It’s Little Brother’s greatest fear: getting lost. Or, more specifically, being left behind, forgotten. I don’t know if it comes with the terrain of being the youngest, but it’s a pressing concern for him–an off-limits topic of jokes for one who loves to joke.
Yesterday, we met friends at the stage show of Mary Poppins and for an instant (real time: three seconds) as I approached the concessions stand with The Kid in tow (he is not one to wander when popcorn is involved; neither am I, when it’s champagne), I turned and couldn’t see LB. “Where’s Will?” I asked his brother, who only had eyes for buttery salty goodness, and in that second I spotted him: LB with his furrowed brow, eyes in panic mode. He saw me, ran over, buried his face in my side. Found.
Sometimes you just have to look around. It’s good advice that’s hard to follow when the walls close in on you: look around. The trick is knowing whether to be still or move while doing it.
Last week The Husband and I saw Top Gun, and the nostalgia was almost as good as the popcorn (and champagne), and a couple of days later I listened to a podcast about a plane that went missing in the 1940s. Dead reckoning as a strategy was mentioned: using your previous location, plus factors like speed and direction, to determine where you are now. In biology, it’s called path integration. In Moana, Maui describes something similar–wayfinding: knowing where you are by knowing where you’ve been.
All of this is only helpful, of course, if you admit that you don’t know where you are. That you’re lost. Thankfully, I lost all my dignity (feigned or otherwise) associated with knowing where I am and what I’m doing long ago. Shrugging my shoulders is both a perpetual act of honesty and a great way of relocating them from their anxiety-positioned home around my ears.

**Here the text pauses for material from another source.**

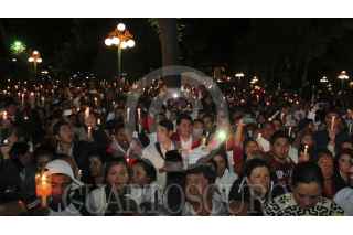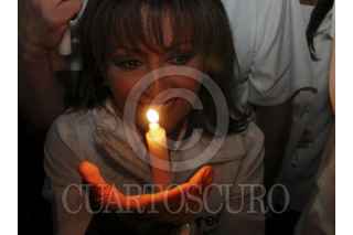 TLAXCALA, TLAXCALA, 04ABRIL2016.- La parte frontal del Palacio de Gobierno en la capital del estado se vio iluminada por cientos de velas y veladoras en un ritual que encabezó la abanderada del PRD a la gubernatura de Tlaxcala y senadora con licencia, Lorena Cuéllar Cisneros. En el primer minuto de este lunes, cientos de simpatizantes de la abanderada y militantes perredistas se dieron cita frente a Palacio de Gobierno. También llegaron de los municipios, maestros, seguidores y su equipo de trabajo. La animación con porras marcó el inicio de esta campaña. FOTO: JORGE LEZAMA /CUARTOSCURO.COM

I remember stepping out of the subway in New York and just moving before I figured out which corner I was on because I didn’t want anyone else knowing I didn’t know. This led more often than not to backtracking, repositioning, circling a block not to be seen. Kind of pathetic. Sometimes, moving isn’t the answer.

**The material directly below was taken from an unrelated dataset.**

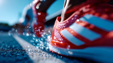 Close-up of red running shoes hitting the ground with water splashes, symbolizing speed, energy, and athletic performance.
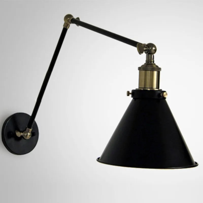 Lámpara de pared ajustable DecorBites™ con pantalla de paraguas negra, ideal para cafeterías, estudios y salas de estar.

It strikes me that these tactics–reckoning, way finding, path integration–well, first of all, they don’t always work. But also? They require information beyond what we know; a source of guidance outside of ourselves. A reorientation of our own position, or someone else’s.
Also in New York, I found home in TH, about a year before he figured out the same of me. It’s not always the lost who have to be still and wait. Being found doesn’t happen on our own time.
But it does happen.
The boys did a basketball camp last week. It was TK’s first camp ever, and there was much to discuss after. And before, like when he ran up to the coaches at check-in to enquire whether they are nice to autistic kids. Or the next day, when he asked the coach not to touch him while teaching him. We give our kids a home, a place, so that when they’re out in the world they know where they are by knowing who they are. His teacher told me the last day of term, how adept he is at advocating for himself, at saying what he needs. I think of this one thing I’ve done right that I never could do for myself when I was his age, and in that moment I am found: I am right where I’m supposed to be.